What is Cryptocurrency? Learn the basics about Cryptos

What is Cryptocurrency?

Cryptocurrency (Bitcoin, Ethereum, Litecoin etc) is basically digital or virtual money and/or assets that are stored online and can be used  for multiple different different reasons, such as  making payments to friends or companies, store of value (like gold, silver),  digital artwork or a range of different uses that are growing rapidly.

Crypto Digital Money Phone

Cryptocurrency Definition

A digital currency in which transactions are verified and records maintained by a decentralized system using cryptography, rather than by a centralized authority.

Cryptos are stored and managed on a blockchain, which is a decentralized, public ledger.
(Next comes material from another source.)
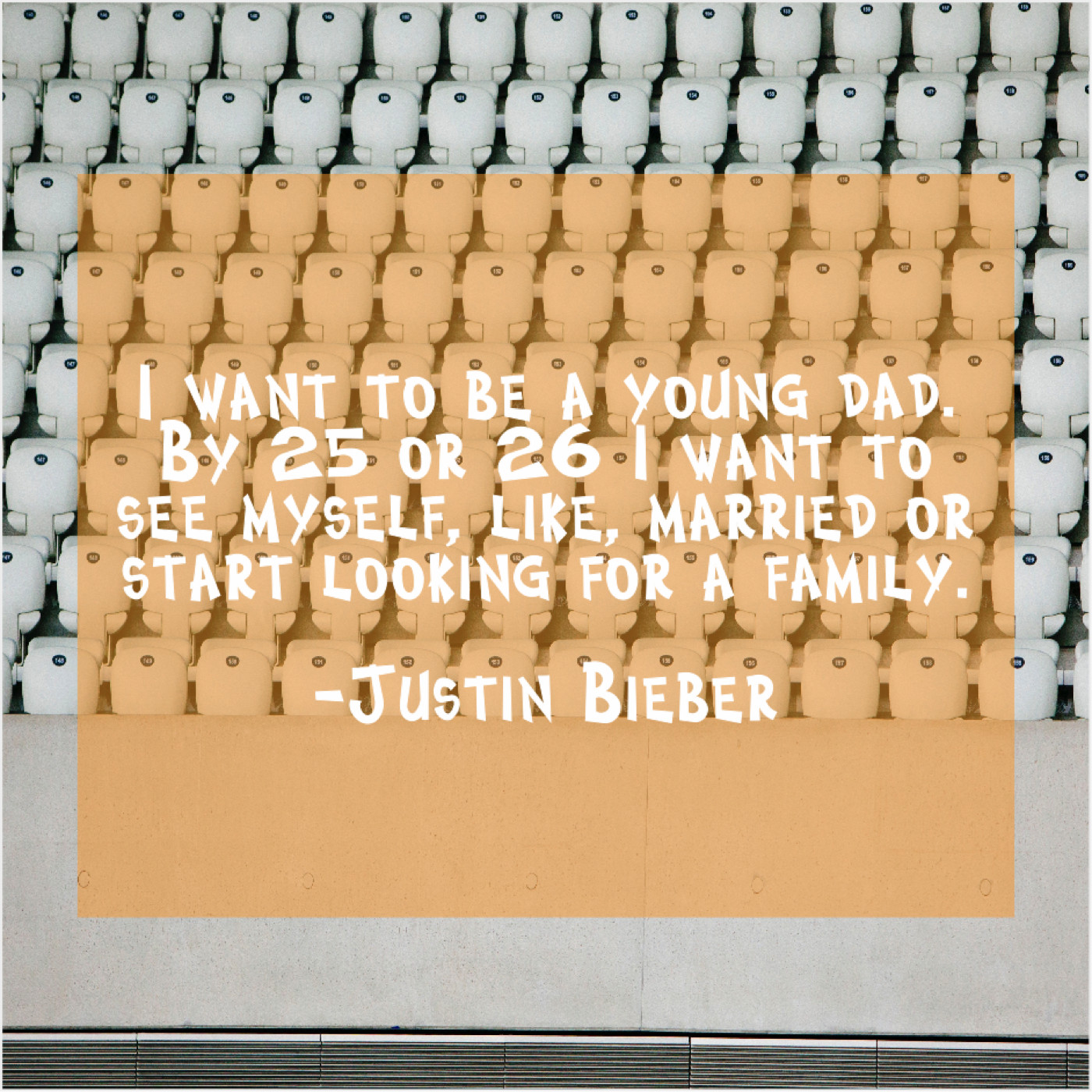 Justin Bieber Justin Bieber – I want to be a… February 3, 2019 admin “I want to be a young dad. By 25 or 26 I want to see myself, like, married or start looking for a family.”-Justin Bieber

Decentralised means that multiple people and companies ( we call them miners, nodes in crypto terms), provide computers to verify a transaction through code,  for which they take a small fee for the effort. This means that cryptos not rely on banks or central authorities  to store the assets, verify transactions and provide a history of your sending / receiving, but are rather recorded on the blockchain - which is a public ledger (record keeper) of those transactions.

Cryptocurrency  is a type of virtual or digital currency that can be used for buying, selling, trading, investing  or for a multiple other uses for multiple different industries and markets. Cryptos are secured by "cryptography" (secure communications techniques) and blockchain technology (a digital ledger of records called blocks), which makes them nearly impossible to hack and manipulate.
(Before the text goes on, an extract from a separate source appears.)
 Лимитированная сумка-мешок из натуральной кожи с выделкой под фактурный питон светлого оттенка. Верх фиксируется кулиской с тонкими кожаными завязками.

It is basically a peer-to-peer system that allows people to pay each other anywhere in the world without the need for third-party systems like the central banks. Your cryptocurrencies are stored in digital wallets which can be installed on your mobile phone, computer, tablet or just  remain in the cloud for later access - either with your email address, phone number, backup phrase. [mfn]www.investopedia.com[/mfn]

Cryptocurrencies can similarly be compared to your normal Fiat money (Dollar, Pound, Euro etc) and or shares investments in companies that you would buy. There are many different types of Cryptocurrencies which are discussed below.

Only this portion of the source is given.